What this task involves:
Give back the records below exactly, every one, with no pictures.

Data for this task:
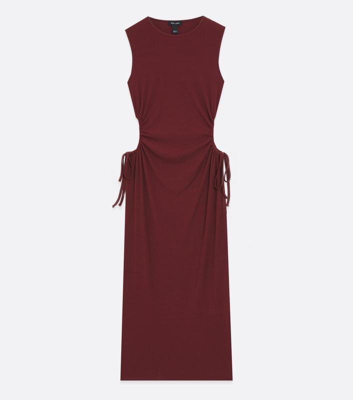 Сукня міні бургунді кольору в рубчик з вирізами на талії та розрізом на ніжці
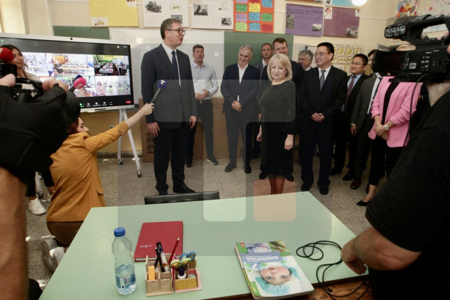 "Kinezi su nam, kada su videli da sam ja reklamirao ove table, poklonili 150 tabli koje vrede više od dva miliona evra. One su danas postavljene u sedam škola, a doneli smo odluku da budu u 150 škola u Srbiji i to će biti urađeno u narednih mesec dana", rekao je Vučić.
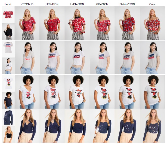 The figure below shows the results of a cross-dataset evaluation of different models that were trained on the VITON-HD dataset and tested on the Dress Code dataset. OOTDiffusion generates more realistic outfitted images and preserves many more garment details.
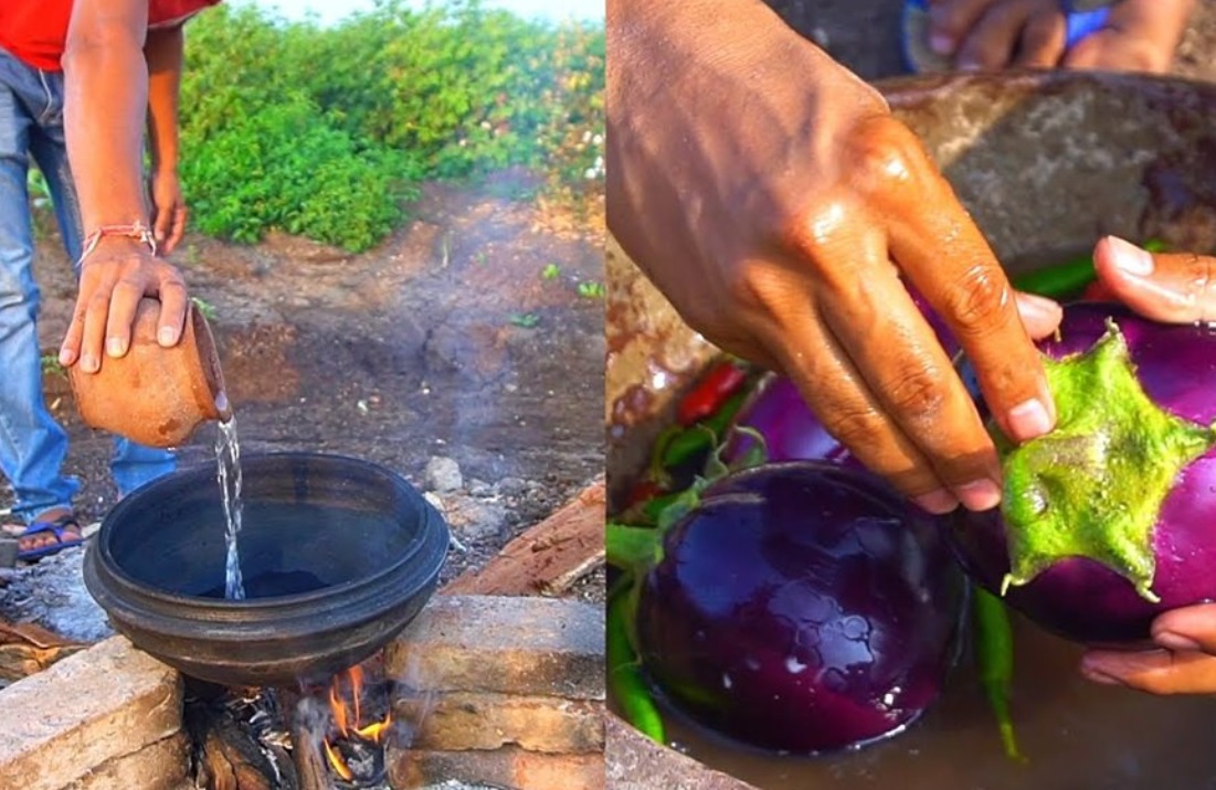 غذاهای روستایی: پخت یک غذای متفاوت با بادمجان کبابی و برنج توسط کشاورز هندی (فیلم)
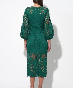 This captivating midi dress comes in a vibrant, eye-catching pink hue that radiates charm and confidence. It features a flattering V-neckline and exquisite puff sleeves crafted from delicate lace, adding a touch of romantic elegance.
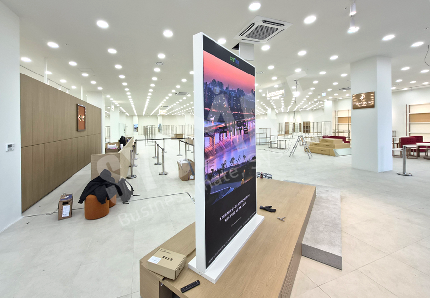 벽체 시공 없이도 활용 가능한 스탠드형 LED디스플레이로 구현했습니다.
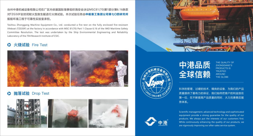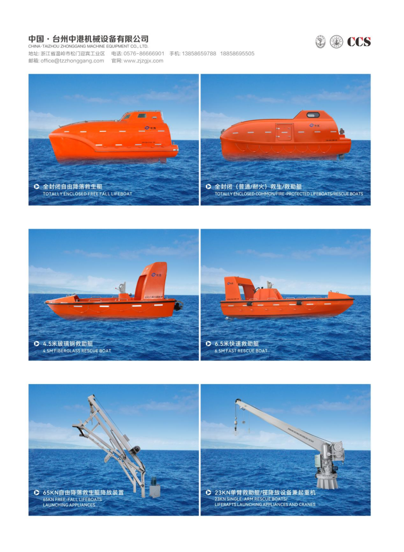 Located in a coastal city of East Zhejiang, Taizhou Zhonggang Machine Equipment Co., Ltd. is a company that integrates professional R&D, manufacturing and sales of life-saving equipment and GFRP (glass fiber reinforced plastic) lifeboats. It is currently one of the top well-known manufacturing enterprises in the province, with production testing facilities that are advanced both at home and abroad. Our products are well sold domestically and internationally and have won the praise and trust of our customers.
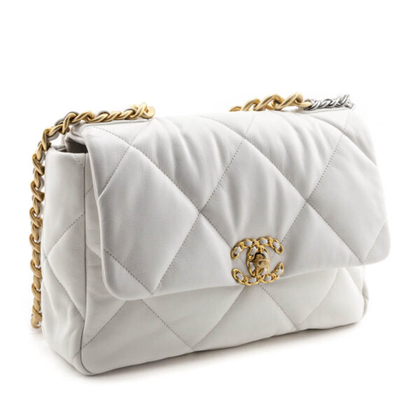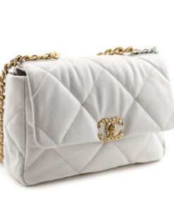 Chanel’s current “It” style, this Medium Chanel 19 Flap Bag is the ultimate neutral-toned statement bag. A crisp white makes up the exterior of this Chanel treasure.
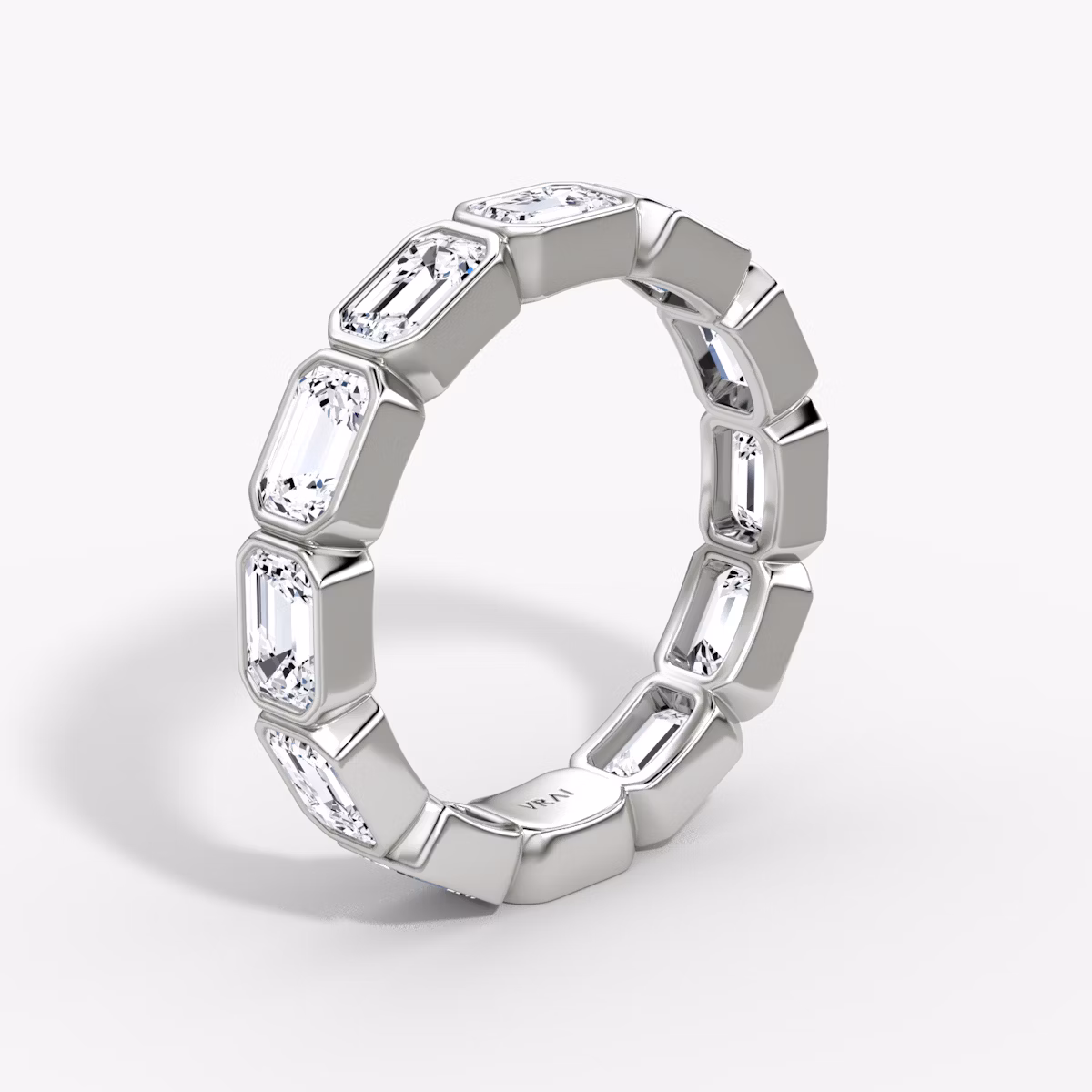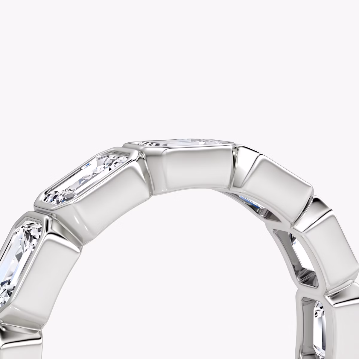 A vintage-inspired twist with modern appeal that is timelessly elegant. A platinum or solid gold bezel setting outlines an endless array of VRAI created diamonds in a design made to commemorate an eternity of love.

Task solution:
 Сукня міні бургунді кольору в рубчик з вирізами на талії та розрізом на ніжці
 "Kinezi su nam, kada su videli da sam ja reklamirao ove table, poklonili 150 tabli koje vrede više od dva miliona evra. One su danas postavljene u sedam škola, a doneli smo odluku da budu u 150 škola u Srbiji i to će biti urađeno u narednih mesec dana", rekao je Vučić.
 The figure below shows the results of a cross-dataset evaluation of different models that were trained on the VITON-HD dataset and tested on the Dress Code dataset. OOTDiffusion generates more realistic outfitted images and preserves many more garment details.
 غذاهای روستایی: پخت یک غذای متفاوت با بادمجان کبابی و برنج توسط کشاورز هندی (فیلم)
 This captivating midi dress comes in a vibrant, eye-catching pink hue that radiates charm and confidence. It features a flattering V-neckline and exquisite puff sleeves crafted from delicate lace, adding a touch of romantic elegance.
 벽체 시공 없이도 활용 가능한 스탠드형 LED디스플레이로 구현했습니다.
 Located in a coastal city of East Zhejiang, Taizhou Zhonggang Machine Equipment Co., Ltd. is a company that integrates professional R&D, manufacturing and sales of life-saving equipment and GFRP (glass fiber reinforced plastic) lifeboats. It is currently one of the top well-known manufacturing enterprises in the province, with production testing facilities that are advanced both at home and abroad. Our products are well sold domestically and internationally and have won the praise and trust of our customers.
 Chanel’s current “It” style, this Medium Chanel 19 Flap Bag is the ultimate neutral-toned statement bag. A crisp white makes up the exterior of this Chanel treasure.
 A vintage-inspired twist with modern appeal that is timelessly elegant. A platinum or solid gold bezel setting outlines an endless array of VRAI created diamonds in a design made to commemorate an eternity of love.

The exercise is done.